This craving after foreigners to help us do what we could
and should be doing for ourselves is not something this columnist
agrees with; in fact he is decidedly against it. Nevertheless
the column is devoting space to CMAC and indeed readers everywhere
to have their say on what we go do to take back
this country from the criminals.
Fourth proposed effective action: ensure there are at least
three vehicles at each police station to service citizens
when they call for help. CMAC estimates that to secure the
vehicles and have them in working condition would cost $34
million a year. Small price for a safe nation,
states the document.
Vehicle shortage and indeed a complete absence of them from
certain stations is one of the perennial problems used as
an excuse by officers uninspired to counter crime, perhaps
even by those who are in fear of the criminals. If each station
is so staffed of vehicles, the excuses become invalid and
will give the management of the service an opportunity to
deal with those not suited to the task.
Adequately satisfying the need of the police to be mobile
will also put additional pressure on the Commissioner as under
the CMAC plan he would be directly accountable to the Minister
of National Security for the management of the service and
its resources.
Five: establish municipal police forces with officers who
will have intimate knowledge of communities, the good and
the bad people of the area and so be in a position to counter
criminal activity. You know the story, everyone else knows
the drug bloc except the police.
Six: CMAC is calling for the countrys criminal justice
system to achieve DNA testing capacity and to update the forensic
equipment that now exists. This ties in with the observation
stated in last weeks column that a percentage of the
officers now patrolling beats should be trained in scientific
methods of fighting crime.
Speeding up the justice system is number seven. In this respect
CMAC is calling on the Chief Justice to issue strong
guidelines to all judges and magistrates to take into account
the nations crisis and to be less tolerant with those
charged with serious crimes such as murders, kidnappings,
possession if illegal weapons and road deaths.
Two related effective actions require the Government to provide
significant additional funding and more spending autonomy
for the judiciary with the necessary accountability mechanisms
in place and to allocate funding for the building and
renovation of magistrates courts and the hiring of additional
magistrates. Lawyers in San Fernando and other magisterial
districts have demonstrated that need.
The most recent of several reports on the state of the magistracy
by Justice Mark Mohammed outlines the serious physical and
operational problems of a magistracy that handles something
like 90 per cent of all matters.
Why
catch criminals if we cannot convict them because our courts
are too slow or cannot handle the trials, states CMAC.
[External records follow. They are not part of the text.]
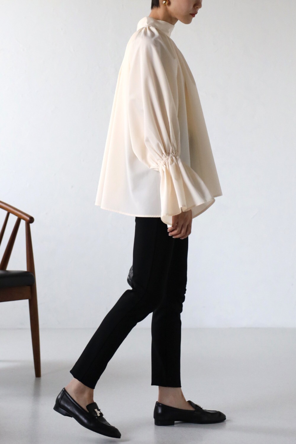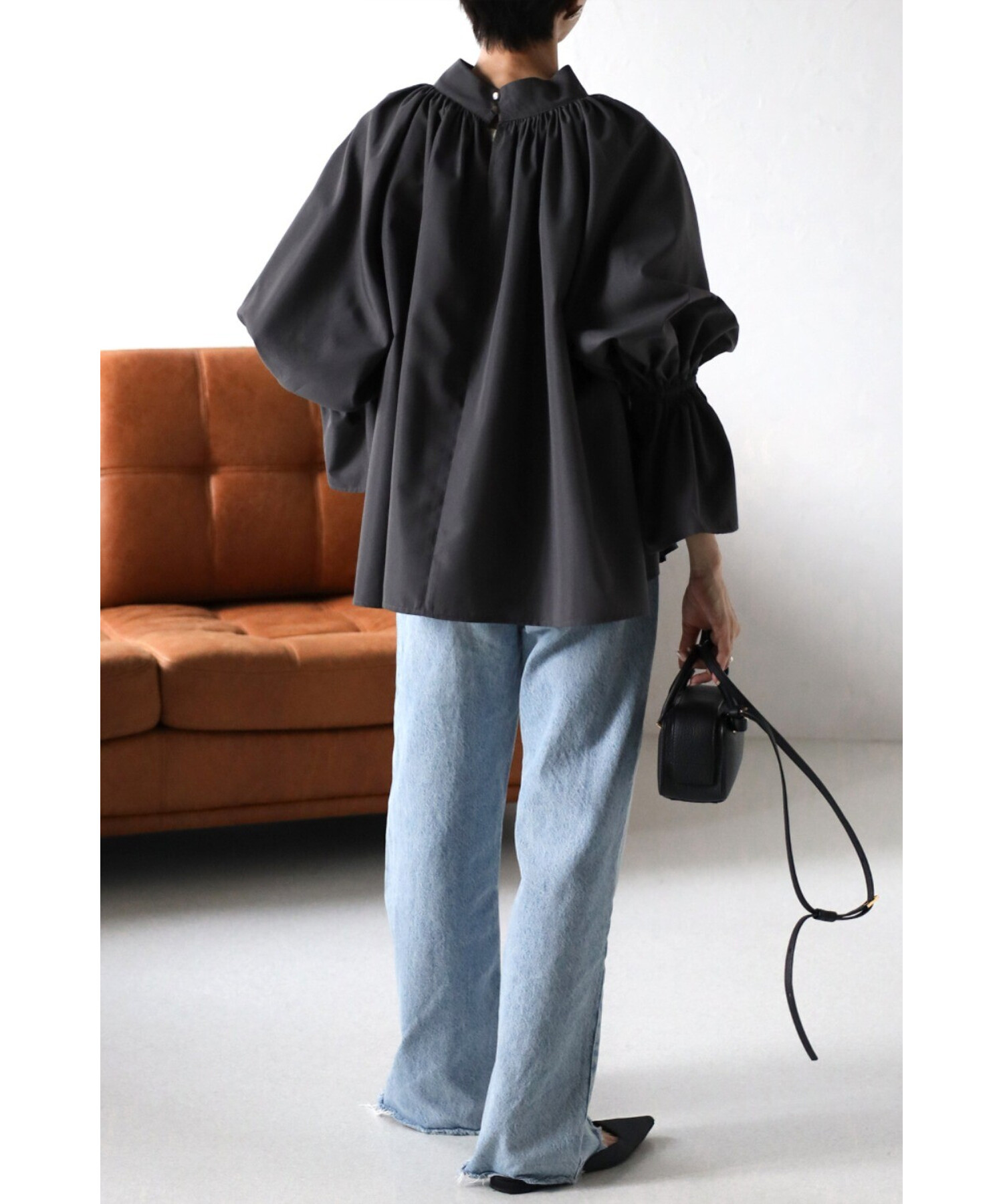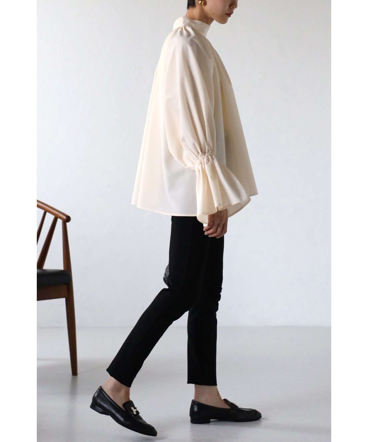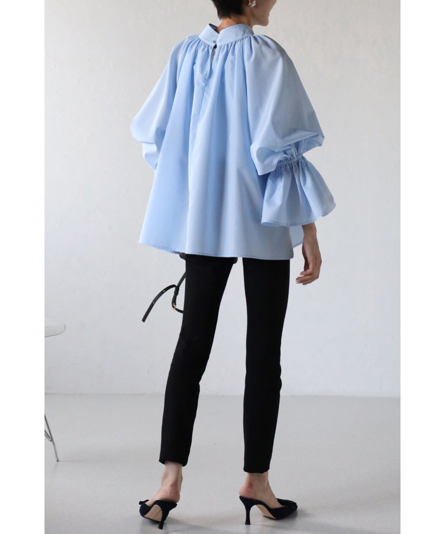 たっぷりのギャザーが大人フェミニン。キャンディースリーブが魅力のブラウス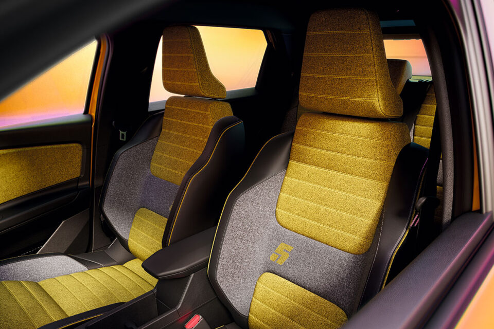 - サステナブルな素材感: デニム生地(リサイクル素材)を内装に多用。イエローやグリーンのアクセントカラーが、かつてのポップな時代を再現しています。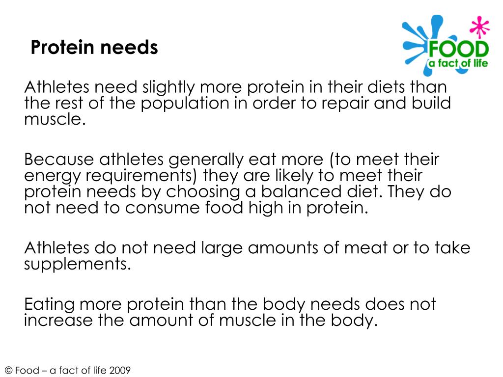 Protein needs Athletes need slightly more protein in their diets than the rest of the population in order to repair and build muscle. Because athletes generally eat more (to meet their energy requirements) they are likely to meet their protein needs by choosing a balanced diet. They do not need to consume food high in protein. Athletes do not need large amounts of meat or to take supplements. Eating more protein than the body needs does not increase the amount of muscle in the body.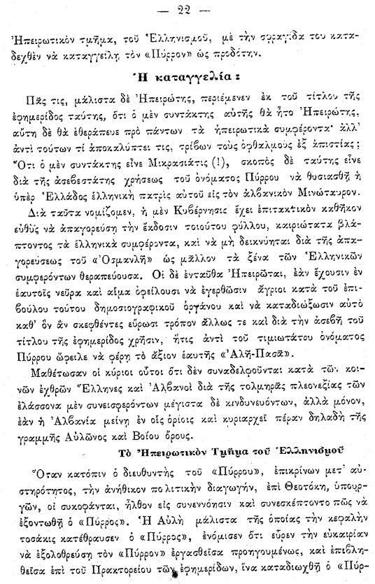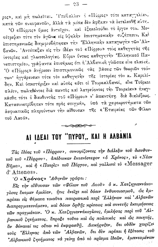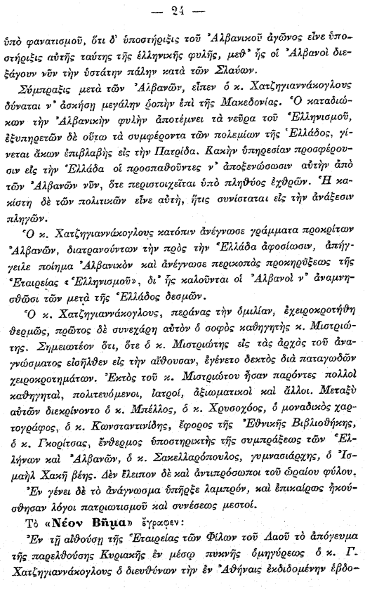 Një nga pikat më interesante të këtij studimi është referenca ndaj autorit grek Nikolaos Lorentis. Gjeografia e tij, e botuar në vitin 1838, shërben si një dëshmi ironike kundër vetë narrativave shoviniste që do të pasonin më vonë. Lorentis, pavarësisht animit të tij të pritshëm, nuk mund të injoronte realitetin në terren: Epiri, apo siç e quanin shumë gjeografë europianë të kohës, “Shqipëria e Poshtme”, ishte e banuar masivisht nga shqiptarët.

Effective action number 10 touches on a sensitive matter:
replace well-meaning and hard-working police prosecutors with
more legally qualified, trained and well-paid public
prosecutors who can secure a high rate of conviction,
advocates CMAC.
And while there is much value in that suggestion, there certainly
must be a case too for recruiting and hiring experienced private
prosecutors to avoid as far as possible state cases being
so palpably weak that they are thrown out even though those
charged seemingly have a case to answer.
Keeping dangerous criminals off the streets seems an obvious
and logical requirement, says CMAC. The organisation says
prison reform, including the improvement of prison conditions,
full utilisation of the new Maximum Security Prison facilities
and rehabilitation must be a priority.
This proposal could engage debate amongst citizens who feel
that the jails are not hotels and should have a deterrent
effect on criminal activity. Yes, jail conditions must not
serve to encourage recidivism, but the conditions in prison,
including the association of young first-time offenders with
hardened criminals, are known to allow the older people to
recruit, train and influence young people into life-long careers
as criminals.
Having spent time in cells with up to a dozen criminals must
so dehumanise young men to the point where they feel themselves
locked-in to criminal activity by a society that does not
allow for a mistake and the opportunity for rehabilitation.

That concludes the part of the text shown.